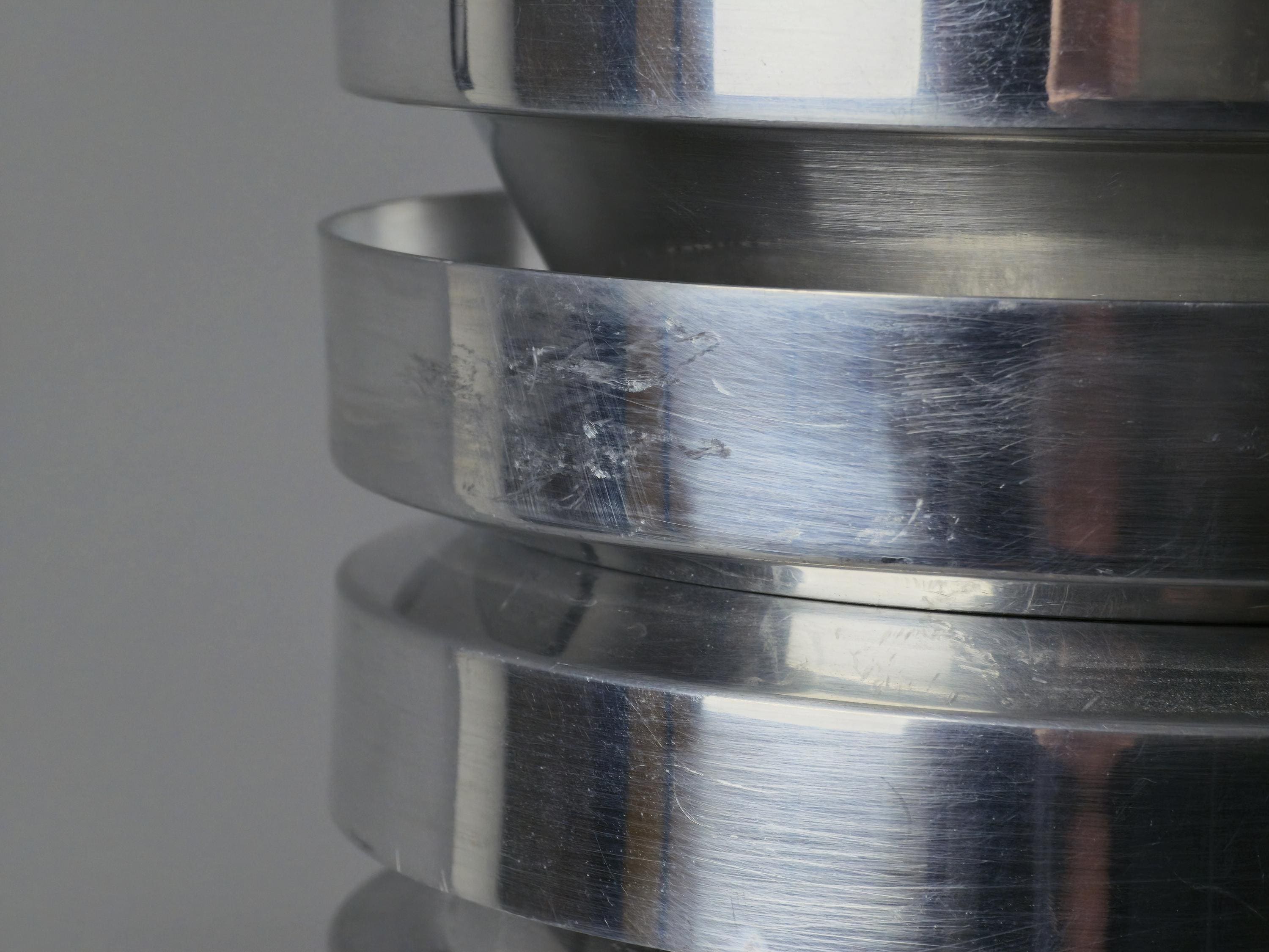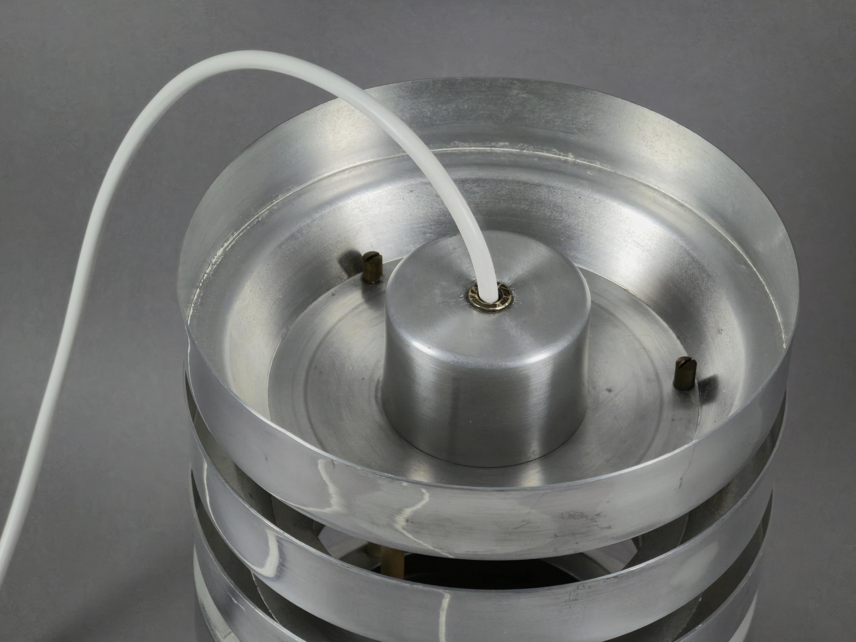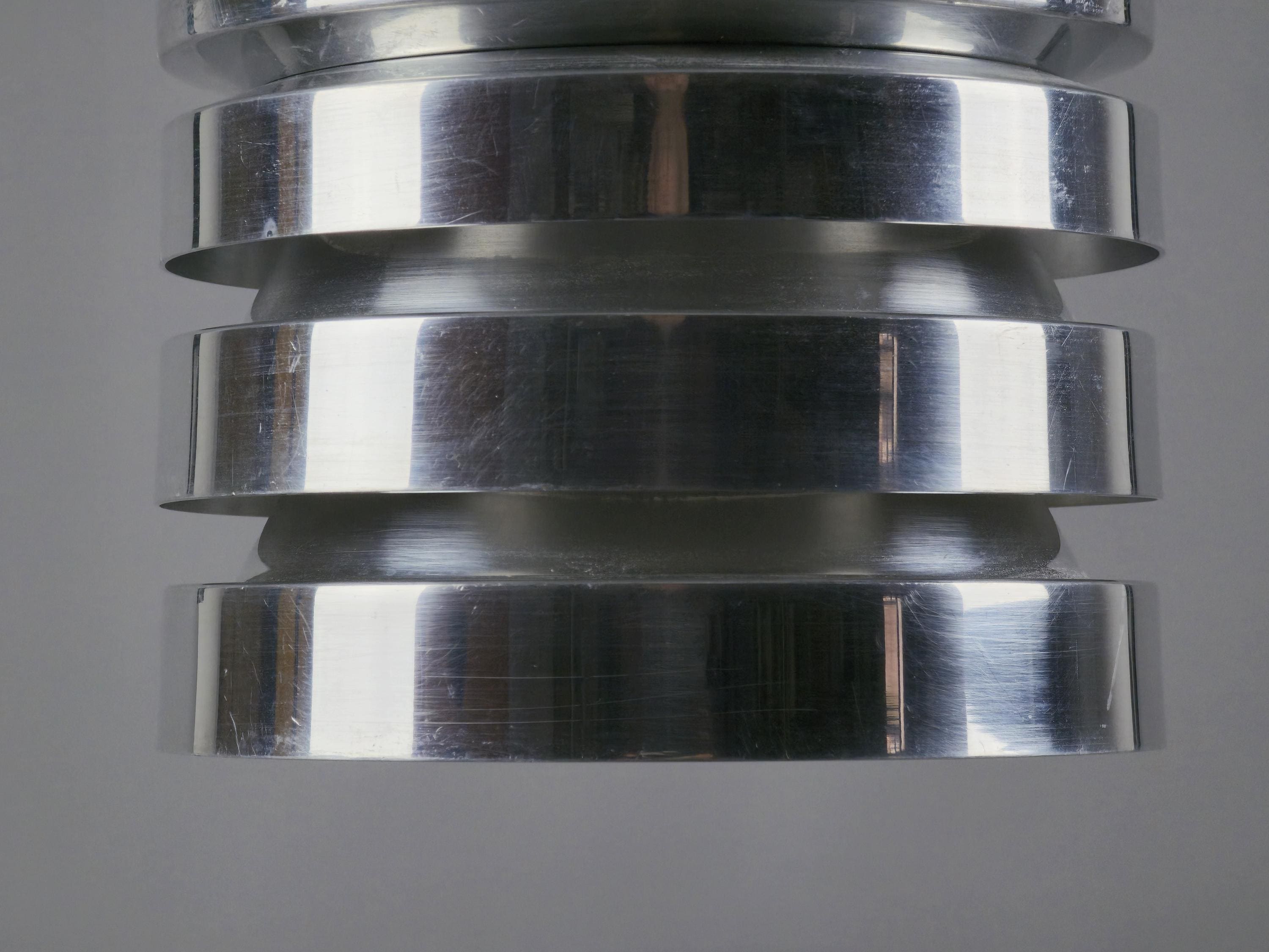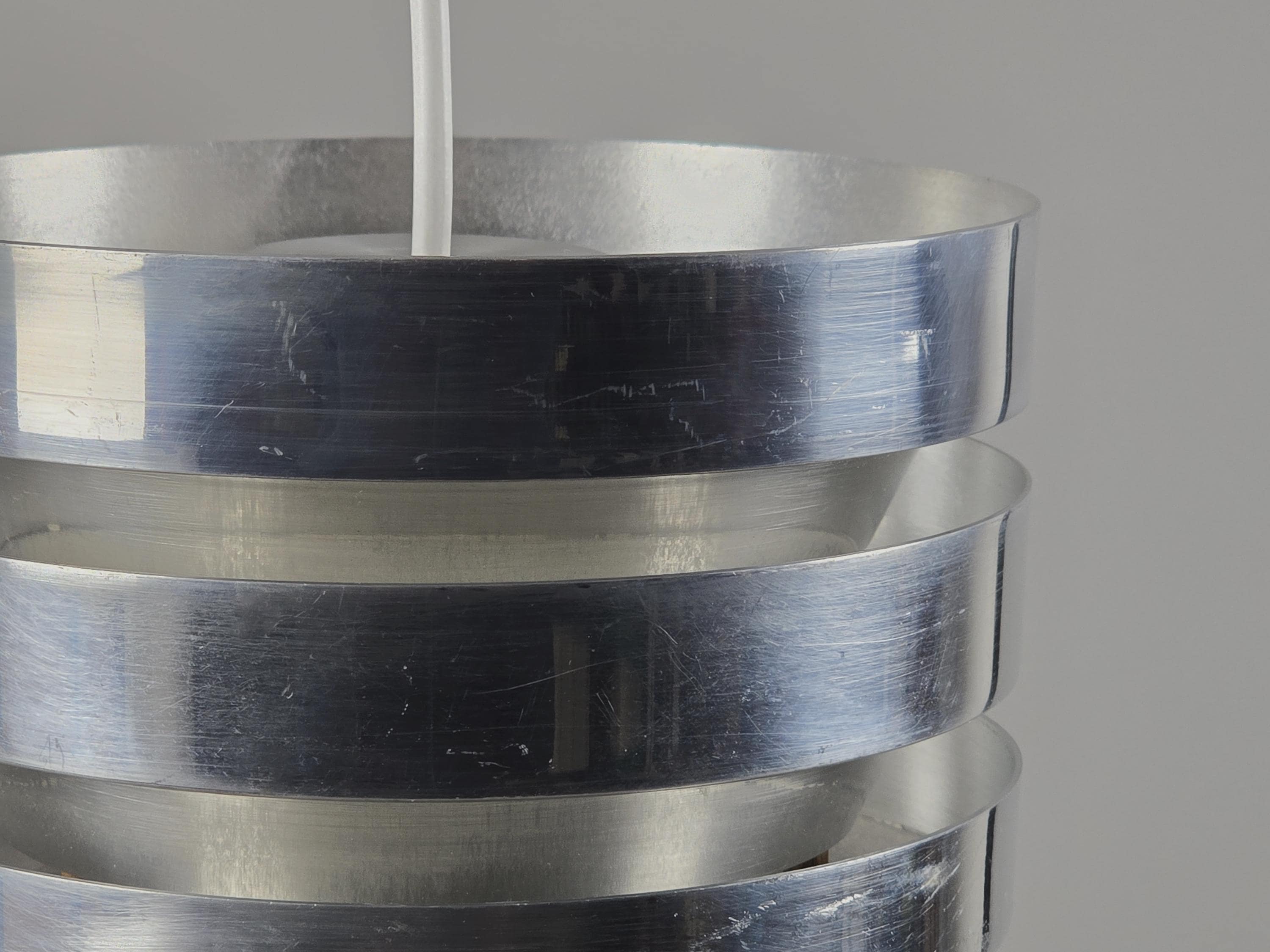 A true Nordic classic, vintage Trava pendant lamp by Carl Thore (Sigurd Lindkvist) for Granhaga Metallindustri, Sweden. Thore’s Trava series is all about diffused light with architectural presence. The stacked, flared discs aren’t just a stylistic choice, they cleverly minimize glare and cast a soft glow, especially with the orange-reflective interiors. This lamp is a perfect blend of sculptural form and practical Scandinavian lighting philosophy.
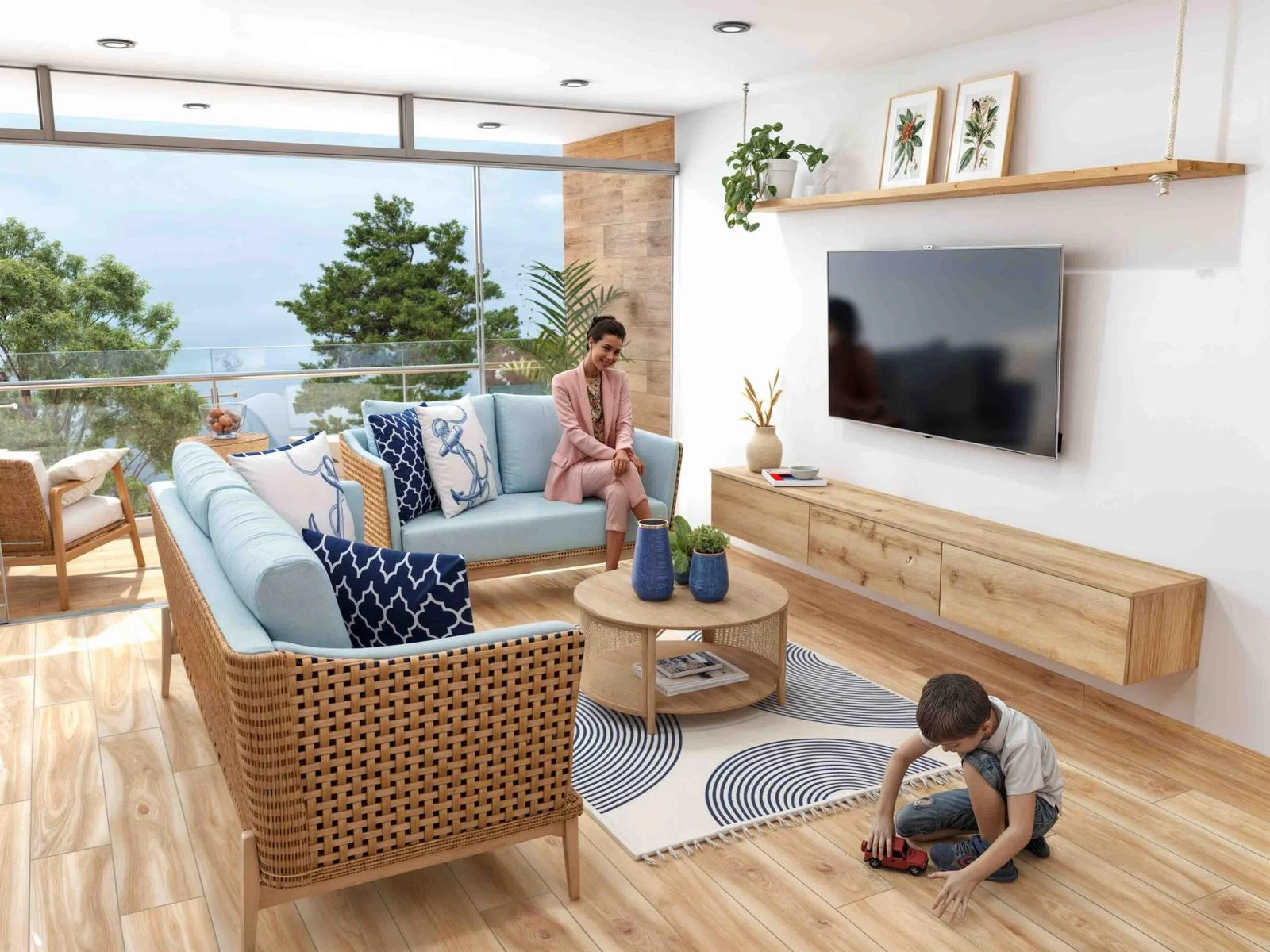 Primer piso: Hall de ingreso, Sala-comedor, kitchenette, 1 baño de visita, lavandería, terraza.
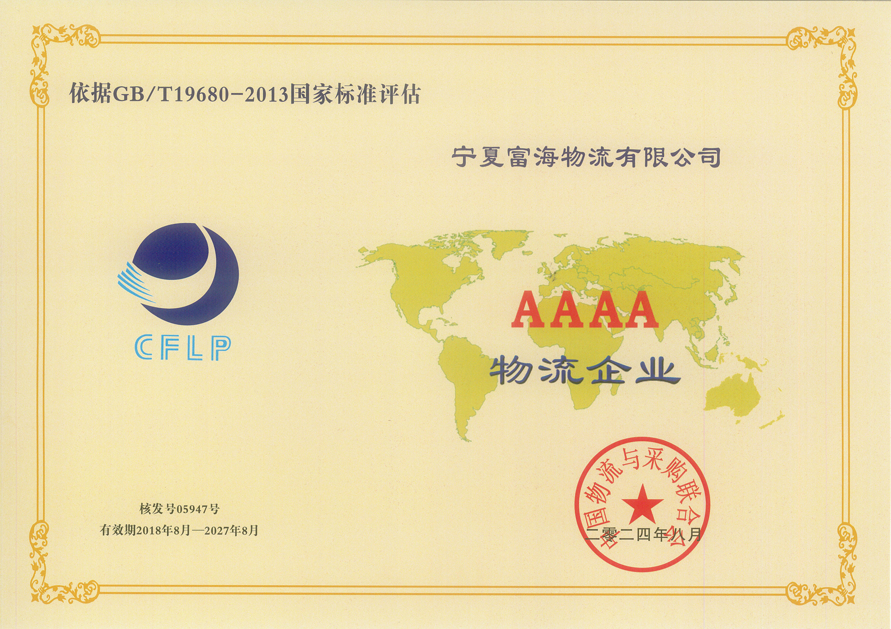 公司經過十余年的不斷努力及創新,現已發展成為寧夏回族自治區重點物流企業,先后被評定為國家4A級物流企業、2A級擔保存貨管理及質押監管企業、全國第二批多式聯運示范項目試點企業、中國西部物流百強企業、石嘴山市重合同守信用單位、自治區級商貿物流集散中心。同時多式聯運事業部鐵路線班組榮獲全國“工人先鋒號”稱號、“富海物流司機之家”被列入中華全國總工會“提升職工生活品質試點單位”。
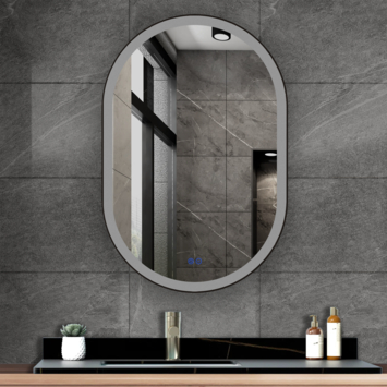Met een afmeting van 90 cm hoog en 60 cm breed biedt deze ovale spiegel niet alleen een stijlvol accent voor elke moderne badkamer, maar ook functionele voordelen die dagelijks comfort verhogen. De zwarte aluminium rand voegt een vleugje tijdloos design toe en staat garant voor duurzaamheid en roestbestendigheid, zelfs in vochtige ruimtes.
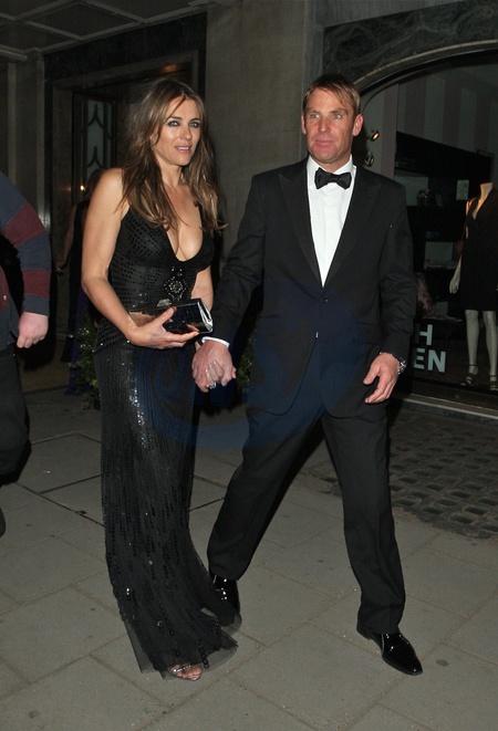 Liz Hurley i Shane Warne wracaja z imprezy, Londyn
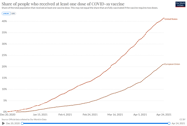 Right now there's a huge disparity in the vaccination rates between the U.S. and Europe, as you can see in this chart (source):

--------------------

▶ _What is needed_
From the records above, copy exactly the stretch from the line holding "Met een afmeting" through the line holding "Liz Hurley i", both ends included, without the pictures.

▶ _Exercise response_
Met een afmeting van 90 cm hoog en 60 cm breed biedt deze ovale spiegel niet alleen een stijlvol accent voor elke moderne badkamer, maar ook functionele voordelen die dagelijks comfort verhogen. De zwarte aluminium rand voegt een vleugje tijdloos design toe en staat garant voor duurzaamheid en roestbestendigheid, zelfs in vochtige ruimtes.
 Liz Hurley i Shane Warne wracaja z imprezy, Londyn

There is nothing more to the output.